From the line containing "Отель Roc Presidente" to the line containing "گزارش هفتگی طلا" in the records below, set down every line exactly as it stands, both ends included, and skip the pictures.

• [Supplied data]:

---------------

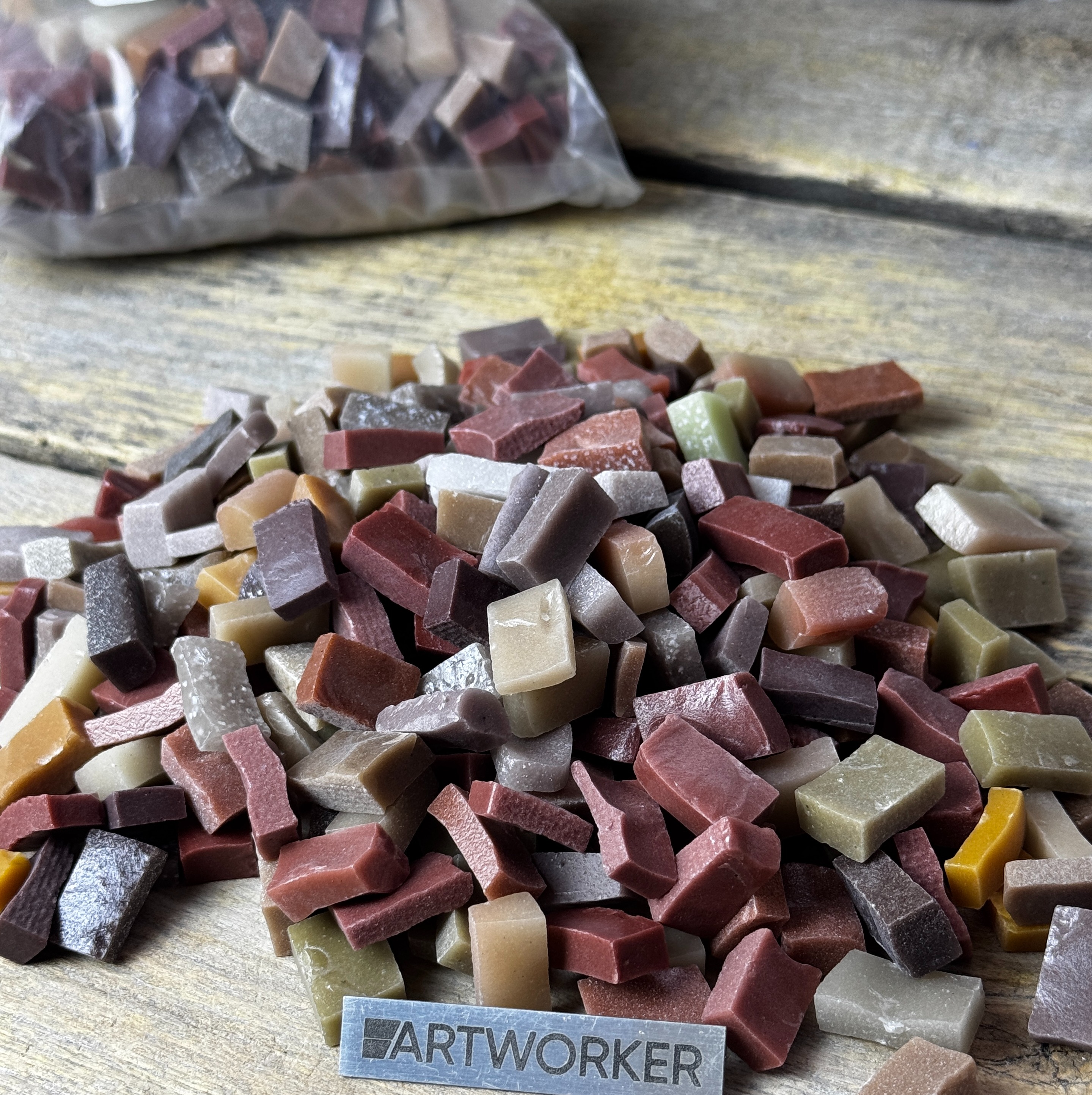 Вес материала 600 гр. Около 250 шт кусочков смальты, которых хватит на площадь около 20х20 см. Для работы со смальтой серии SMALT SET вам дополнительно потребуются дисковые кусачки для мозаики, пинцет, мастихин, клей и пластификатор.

---------------

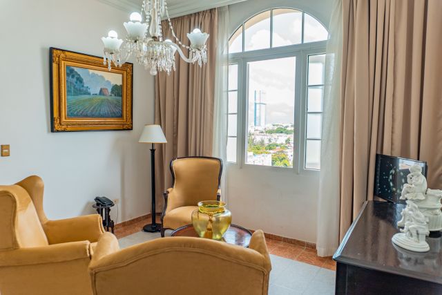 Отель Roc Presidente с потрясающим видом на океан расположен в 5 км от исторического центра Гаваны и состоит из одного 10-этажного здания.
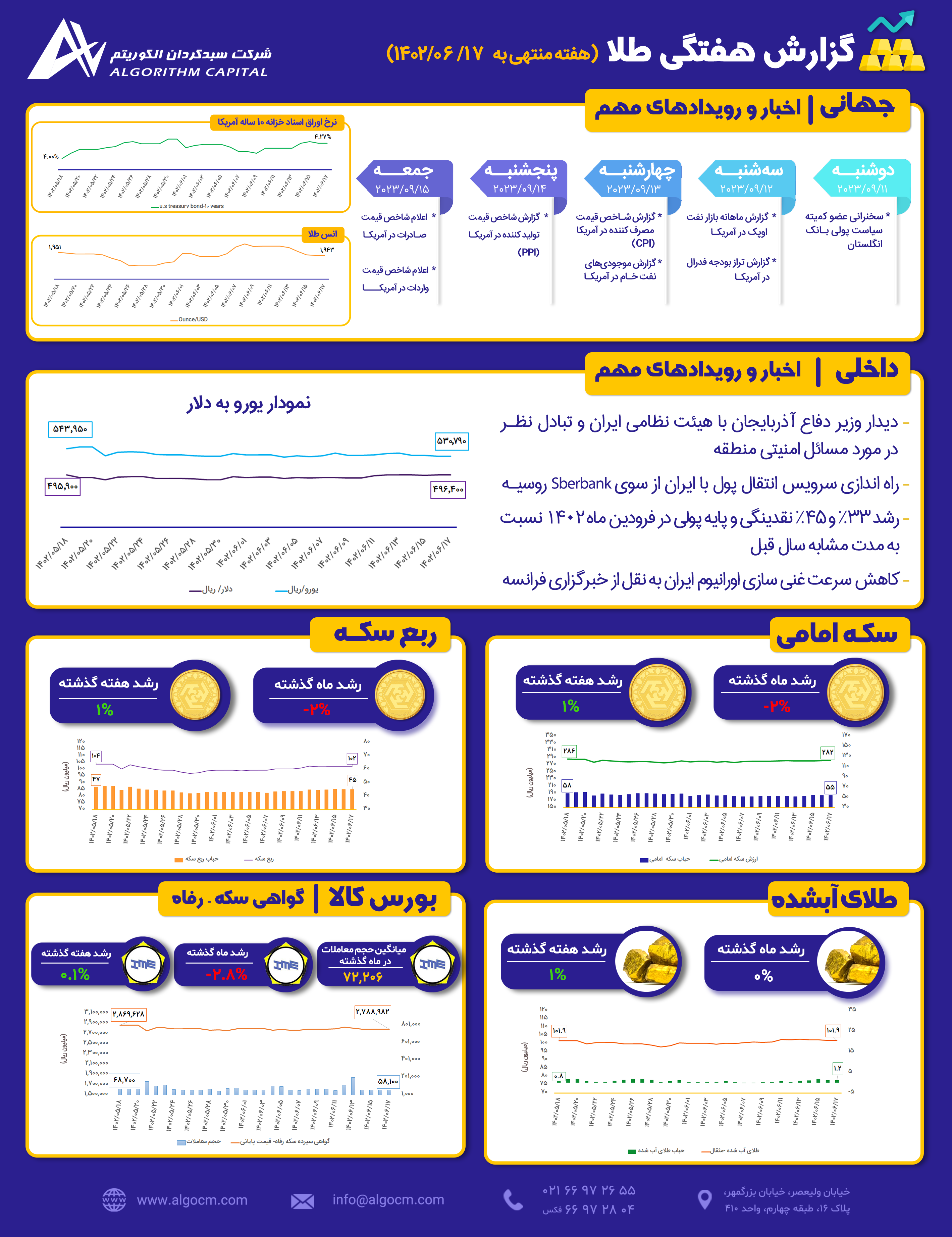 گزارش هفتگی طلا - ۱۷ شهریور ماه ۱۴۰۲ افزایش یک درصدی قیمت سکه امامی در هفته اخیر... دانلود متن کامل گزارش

---------------

• [Exercise solution]:
 Отель Roc Presidente с потрясающим видом на океан расположен в 5 км от исторического центра Гаваны и состоит из одного 10-этажного здания.
 گزارش هفتگی طلا - ۱۷ شهریور ماه ۱۴۰۲ افزایش یک درصدی قیمت سکه امامی در هفته اخیر... دانلود متن کامل گزارش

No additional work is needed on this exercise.